“Biographies describe a man intent on making his fortune and not afraid of skating near the edge to do so. At one point, according to Politico, federal investigators found that Frederick used various accounting measures to collect an extra $15 million in rent (in today’s dollars) from a government housing program, on top of paying himself a large “architect’s fee.” He was hauled before investigating committees on at least two occasions, apparently was arrested at a K.K.K. rally in Queens (though it’s not clear he was a member), got involved in a slush fund scandal with Robert Wagner and faced discrimination allegations.”
—New York Times columnist David Brooks arguing that Donald Trump, Jr.’s conduct in holding the controversial meeting with some Russians and Russian-Americans to acquire useful negative information about Hillary Clinton for his father’s campaign came about because his family is just no damn good, as shown by the conduct of Fred Trump, the President’s storied father.
Unlike some commentators, I have no ethical problem with Brooks’ basic thesis. Culture molds ethics, children are influenced by the conduct and values modeled by their parents, and I have pointed out too many times to count that Donald Trump doesn’t know ethics from a merry-go-round, and appears to have no conventionally functioning ethics alarms at all. It makes perfect sense that Donald Jr. would grow up similarly handicapped.
However, Brooks’ evidence that Trump family patriarch Fred Trump was corrupt and without scruples is all innuendo and supposition, and thus dishonest, incompetent, and unfair. Let’s examine the components of Brooks’ attack:
- “federal investigators found that Frederick used various accounting measures to collect an extra $15 million in rent (in today’s dollars) from a government housing program, “
Were the accounting measures illegal? Apparently not. Was the “architect’s fee”? I guess not: Fred wasn’t indicted or prosecuted. Being investigated by the feds does not prove or indicate wrongdoing. Maybe Fred was cheating; I wouldn’t be surprised. But Brooks has no facts to support that assumption, just a pejorative characterizations.

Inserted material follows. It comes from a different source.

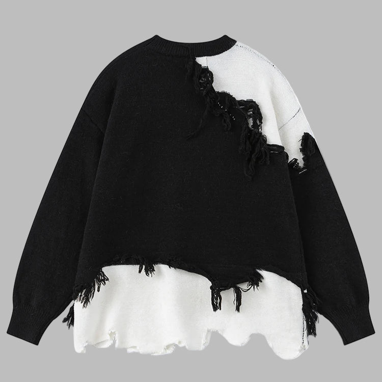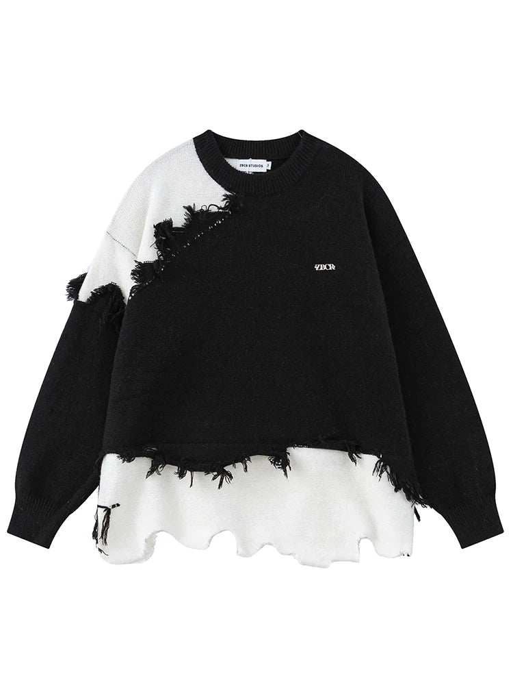 Juodai baltas punk stiliaus megztinis su įplyšimais ir kutais Peržiūrėti parinktis

- “He was hauled before investigating committees on at least two occasions…”
I love the “hauled.” Being asked to testify isn’t evidence of wrongdoing either. Continue reading







By fortune’s smiles, I was able to finally meet Charlie last week face to face, as he kindly alerted me that he would be passing through my neighborhood. Finally having personal contact with an Ethics Alarms reader is always a revealing and enjoyable experience, and this time especially so. I think you would all enjoy Charlie; I certainly did. Maybe I need to hold an Ethics Alarms convention.
Here is his Comment of the Day on the post, Comment Of The Day: “No, Insurance Companies Treating People With Pre-Existing Conditions Differently From Other Customers Is Not ‘Discrimination’.”
…The claim that “a free market system” and “freedom of choice” is the solution to all that ails us is a mindless mantra that is only occasionally true, but not always.
It’s important to be clear about when free market solutions are good, and when they are not. It’s not all that hard to sort out. Basically:
Free market solutions ought to be the presumptive default. Unless there is good reason to the contrary, they ought to be the rule.
1. Exception Number 1: Natural monopolies. It makes no sense to have competition for municipal water supplies; airports; multiple-gauge railroads; fishing grounds; groundwater; or police departments. The basic reason is the putative economic benefit is either simply not there, or is absurdly overwhelmed by the social confusion engendered by multiple suppliers.
In these cases, a form of regulated monopoly is desirable. (By the way, the airline industry at a national level is precisely this kind of market; we do not have too little competition there, but too little regulation).
2. Exception Number 2a: Wallet-driven market power monopolies. It’s strategy 101 in business schools that the way to be successful is to be #1 or #2, and the best way to do that is to get more market share than your competition, so you can drive them out of business. The one guaranteed way to do that is to cut prices so low that no one else can compete. Think Walmart. Think Amazon. Think Japanese in the 60s and 70s in any industry.
The reason we have anti-monopoly laws is to reset the playing field when a competitor dominates the market too strongly.
3. Exception Number 2b: Product-driven market power monopolies. Where the product is so obscure, expensive, infinitely variable, and difficult to understand that the producers are de facto in control, because it is too confusing and too dangerous to challenge them.
Drug prescriptions are an interesting example. The ‘free market solution’ to high drug prices was (partly) to let drug companies advertise, and to loosen up the definition of what constituted a ‘new’ drug. What did we get? New diseases like RLS, new definitions of ‘new’ (moving ‘off label’ to ‘on label’) and even higher drug company profits. Because who’s still going to argue with your doc? Especially when he or she gets side benefits from giving in to the latest DTC ads on network news programs?